MLIR News, 21st edition (11/28/2020)

See the previous published edition.

Welcome to the twenty-first issue of the MLIR (bi)Weekly, a newsletter (published on Friday) covering developments in MLIR, and related projects in the ecosystem. MLIR (bi)Weekly is brought to you by a collective effort of contributors, we welcome your contributions!



  • Function.h and Module.h are in the process of being removed in favor of BuiltinOps.h
  • Side effect instances can now specify an Attribute containing additional effect parameters.
  • Side effect instances can now provide a SymbolRefAttr as the value being affected.

Optimizations and Code Generation

  • RFC open to discussion about adding dialects for modeling the ARM Neon and SVE instruction sets.
  • The prototype sparse compiler has been committed:
    • Some sanity check benchmarking shows “on par” performance for a couple of sparse kernels and matrices compared to the Eigen library.
  • A parallelization strategy was also added:
    • Provides control over what loops should be expressed with “scf.parallel” (inner/outer loops, dense/sparse loops)
    • Some sanity check benchmarking using the current in-tree async lowering for parallel loops exhibits reasonable speedups over sequential sparse code.
  • Planned next: vectorization strategy, invariant code hoisting, storage type control


  • Various clean ups were introduced to improve consistency in the SPIR-V dialect. spv._* ops are renamed as spv.mlir.* ops to follow general convention in MLIR.
  • Module combiner now can unique global variables, specialization constants, and functions.


  • OpenMP: Added operation for the OpenMP worksharing loop construct, omp.wsloop. An SCF parallel to OpenMP parallel+worksharing loop conversion pass was also added. Patches to pretty-print+parse, lower to LLVM IR are in progress.

In the Ecosystem

CIRCT : Circuit IR Compilers and Tools aka ‘MLIR for hardware’

  • A pass was added to flatten FIRRTL bundle types, making it simpler for other CIRCT components to interface with FIRRTL.
    • Notably, this opens up a path for some Handshake modules to be emitted as System Verilog that previously failed.

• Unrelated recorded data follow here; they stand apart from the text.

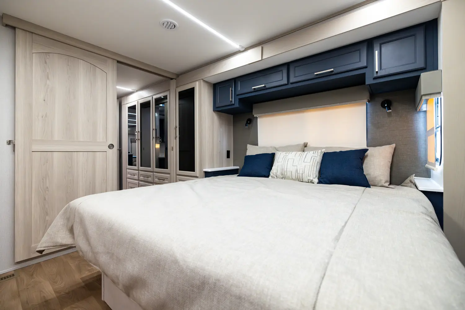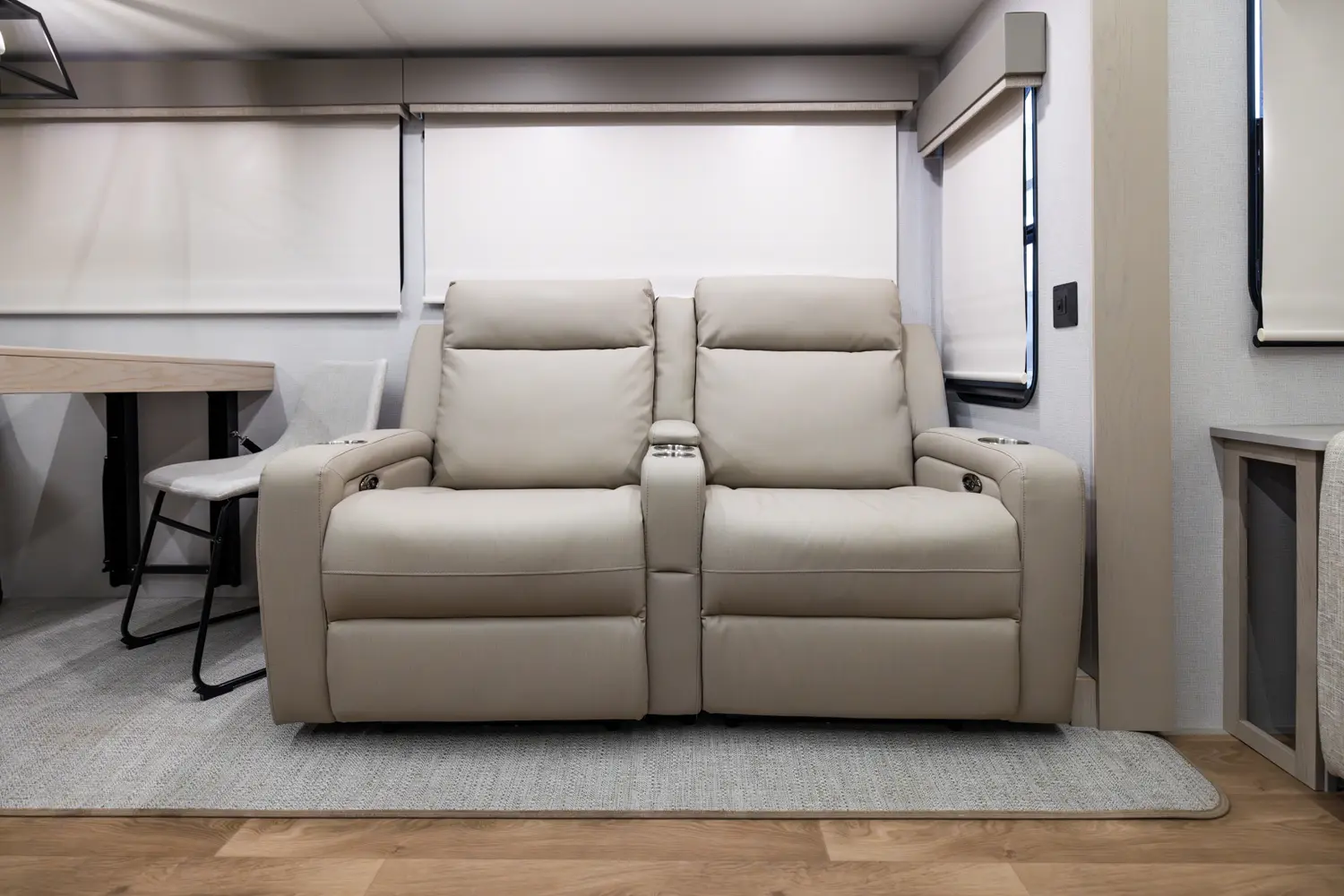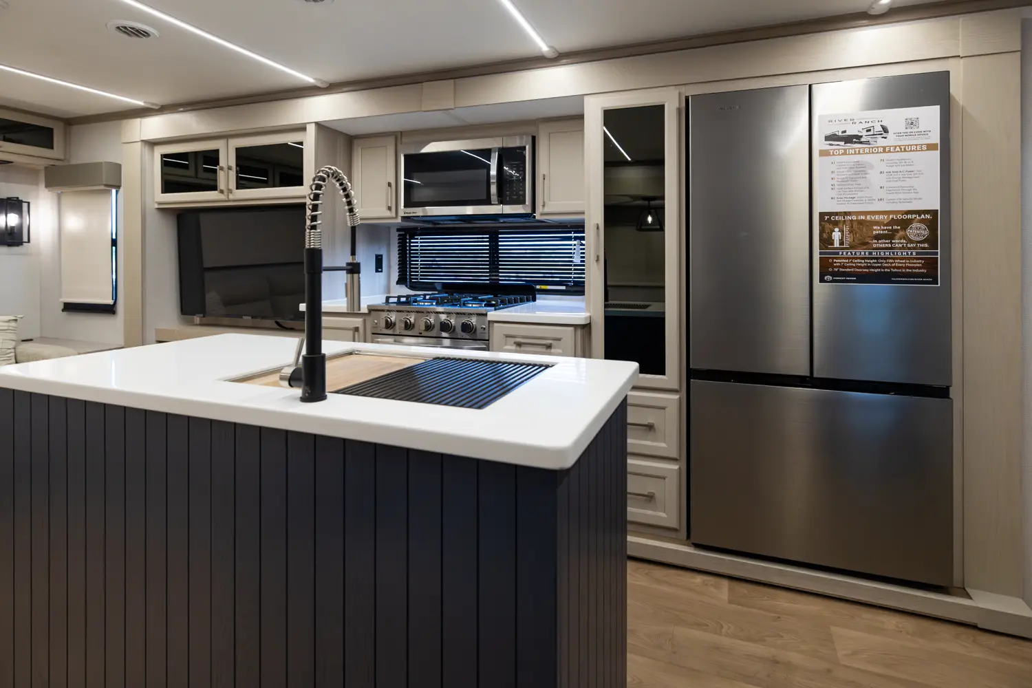 The 393RL is the biggest couples coach River Ranch has to offer. This floorplan provides a large bedroom with a king size bed. The full-length closest provides the most interior storage of any floorplan offered. The kitchen provides residential-style appliances, including a fridge with ice maker, 24” 4 burner range with oven, 30” microwave and dishwasher prep for an 18” residential dishwasher in the island. It has a plush 88” tri fold 50/50 split sofa, theater seat and 50” entertainment TV.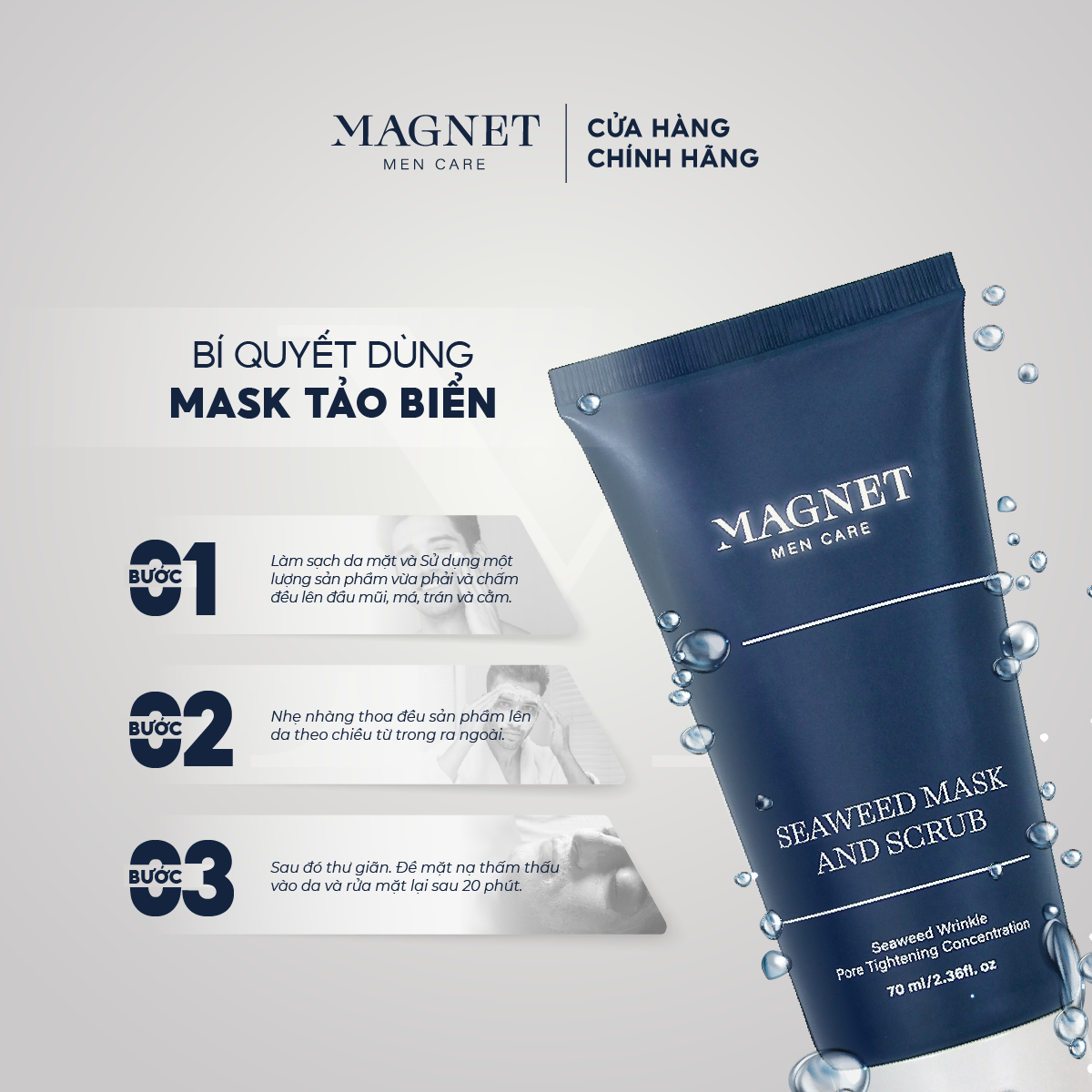 Tên sản phẩm: Combo Đẹp Da Magnet Men Care Sữa Rữa Mặt Nam 100ml & Mặt Nạ Tẩy Tế Bào Chết 70ml & Sữa Dưỡng Da 50ml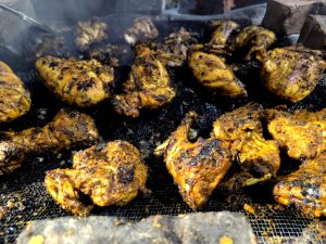 সন্ধ্যার পর নীলদিঘির পাড়ে জ্বলে ওঠে আগুন। তার ওপর তারের নেটে রাখা মাংস ধীরে ধীরে রঙ বদলায়, চারপাশে ছড়িয়ে পড়ে বারবিকিউয়ের সুগন্ধ। এক পাশে গিটারের সুর, অন্য পাশে দলবেঁধে গান। আড্ডা, হাসি আর গল্পে প্রাণ পায় পুরো পরিবেশ।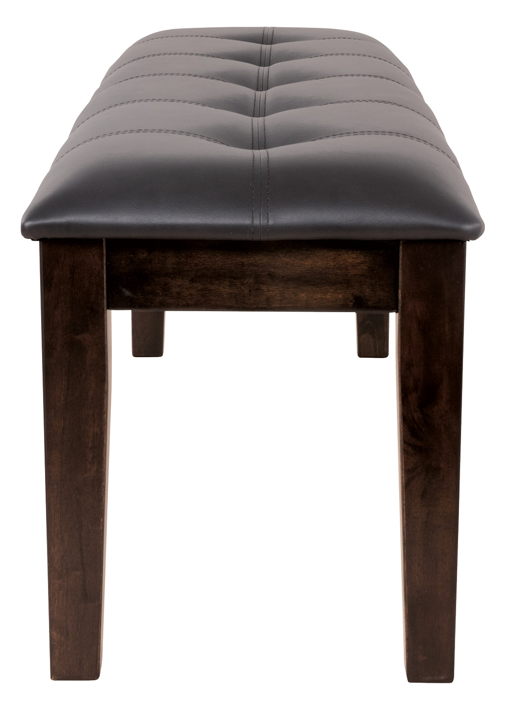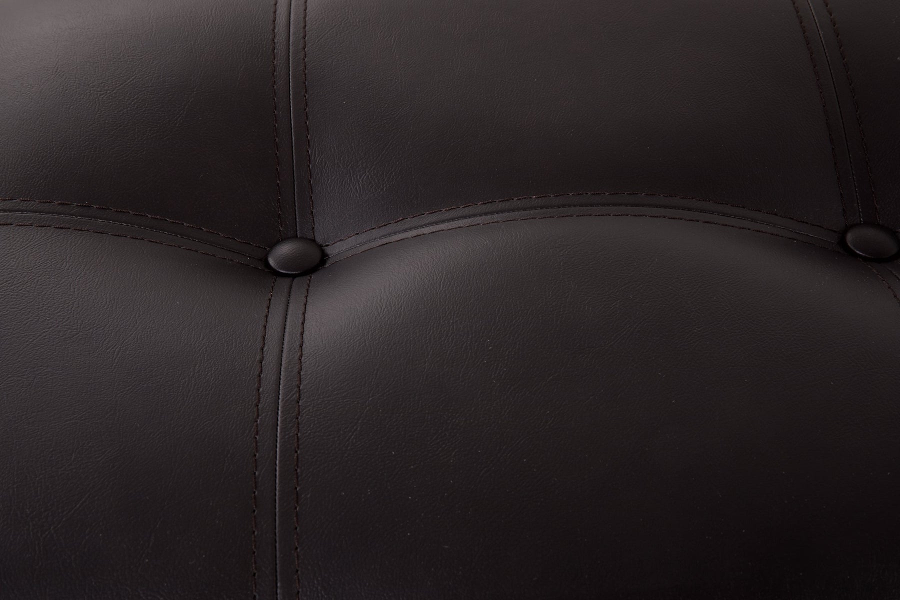 Details | Wood legs, Faux leather upholstery, Cushioned seat, Button tufting | |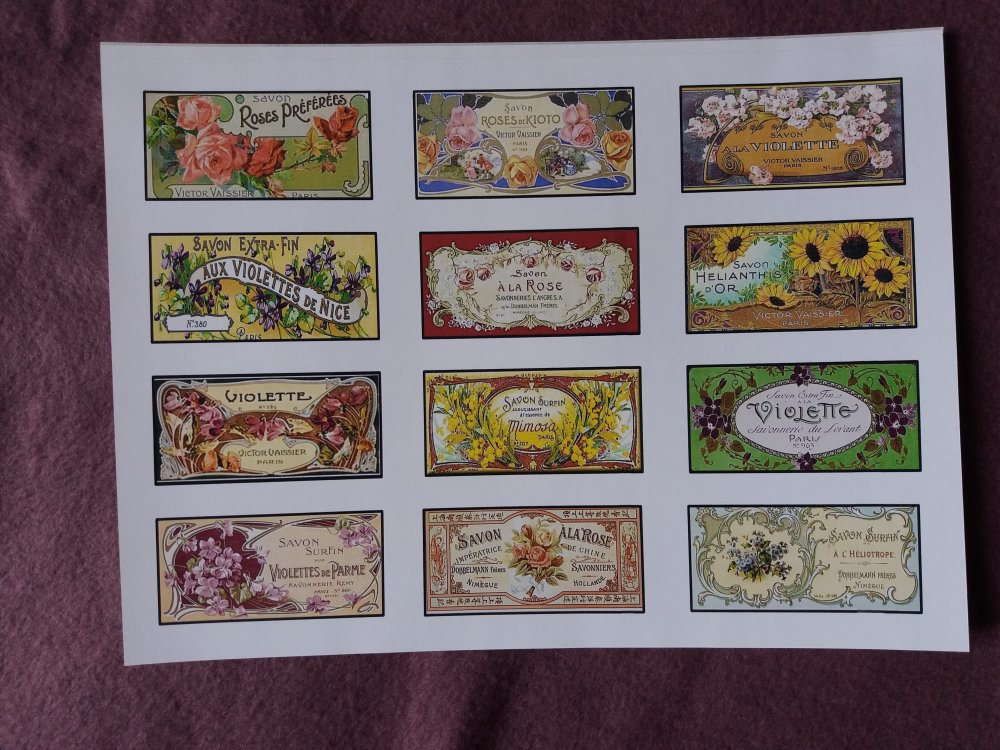 Planche adhésive d'images anciennes étiquettes de savons pour créations originales et personnalisées.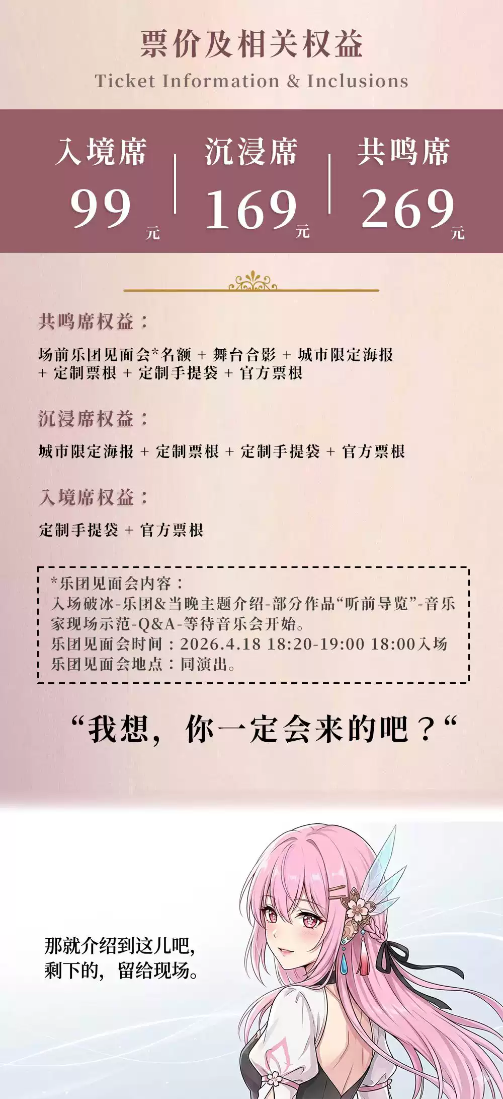 | 演出时间 | 2026-04-18 星期六 19:30 | 演出场馆 | 五棵松·爱乐汇艺术空间·都市音乐厅 |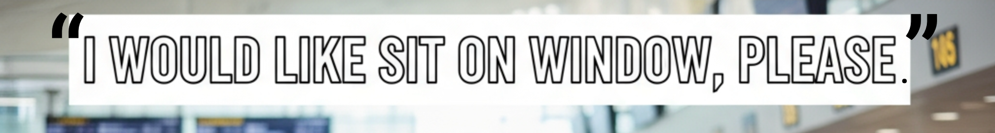 INCORRECT BUT CLEAR: “I would like sit next to window, please.”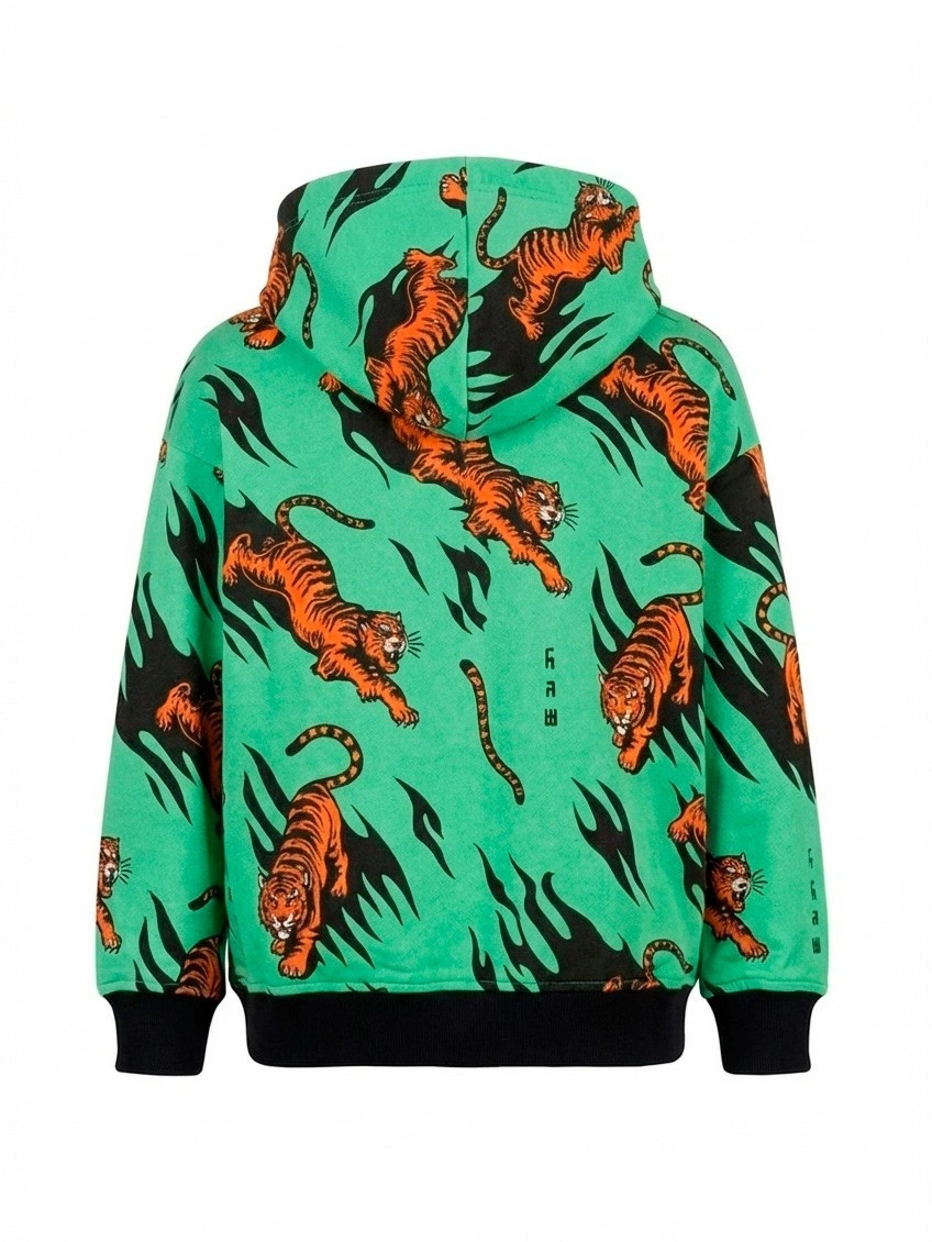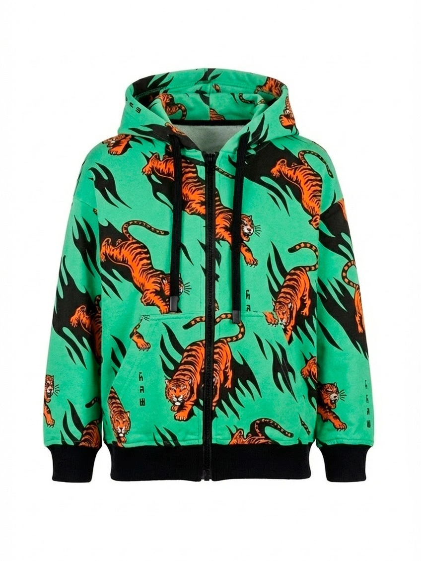Зеленая толстовка для мальчика с тиграми. Яркая толстовка на молнии с капюшоном для мальчика украшена стильным принтом с тиграми по всему полотну. Карманы спереди, чёрные трикотажные манжеты и резинка по низу обеспечивают тепло и комфорт. Идеально для прогулок и повседневного образа. Купить детскую толстовку с принтом тигр — выбор для активных детей.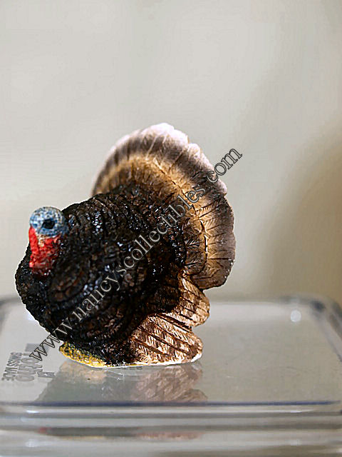 This is a Stone Critters Littles "Turkey" by United Design Corp. He is in excellent condition; no chips or repairs. He is dark brown, tan, and white with his head blue and red neck. He measures 1-4/4" tall; 1-1/2" wide. The label is marked "SCL-186, Turkey". It is stamped "1993, UDC". It is in a Stone Critter box.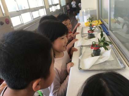 3年生の廊下で育てているアオムシですが、とても成長が早くびっくりしています。

mlir-npcomp: Prototype for compiling numpy programs

TensorFlow / MLIR-HLO

Recent Talks


You mentioned “Some sanity check benchmarking using the current in-tree async lowering for parallel loops exhibits reasonable speedups over sequential sparse code” in Optimizations and Code Generation section, could you please explain what is “in-tree async lowering” and how to do “in-tree async lowering”?

Thank you so much!

You can see an example here:

And here is a test with parallel loop lowering to the async primitives:

Hi Medhi,

I looked at the example you sent to me. I tried with the example:, I run with “with-async (i.e. the 1st mlir-opt command in the mlir code)” and “no-async (i.e. the 2nd mlir-opt command in the mlir code)” separately, the “with-async” execution time is: 0.245081; While the “no-async” execution time is: 0.238621. So it shows that “with-async” has no performance improvement in this case, and a tiny performance reduction actually. I also tried the same mlir code, just change the all matrix sizes from 1024x1024 to 83334x83334, the “with-async” exection time is: 4362.45; While the “no-async” execution time is: 4940.47. So in this case “async” gives a small performance improvement. I am running on an Intel Xeon machine, with 2 threads per core, 12 cores per socket and 2 sockets total.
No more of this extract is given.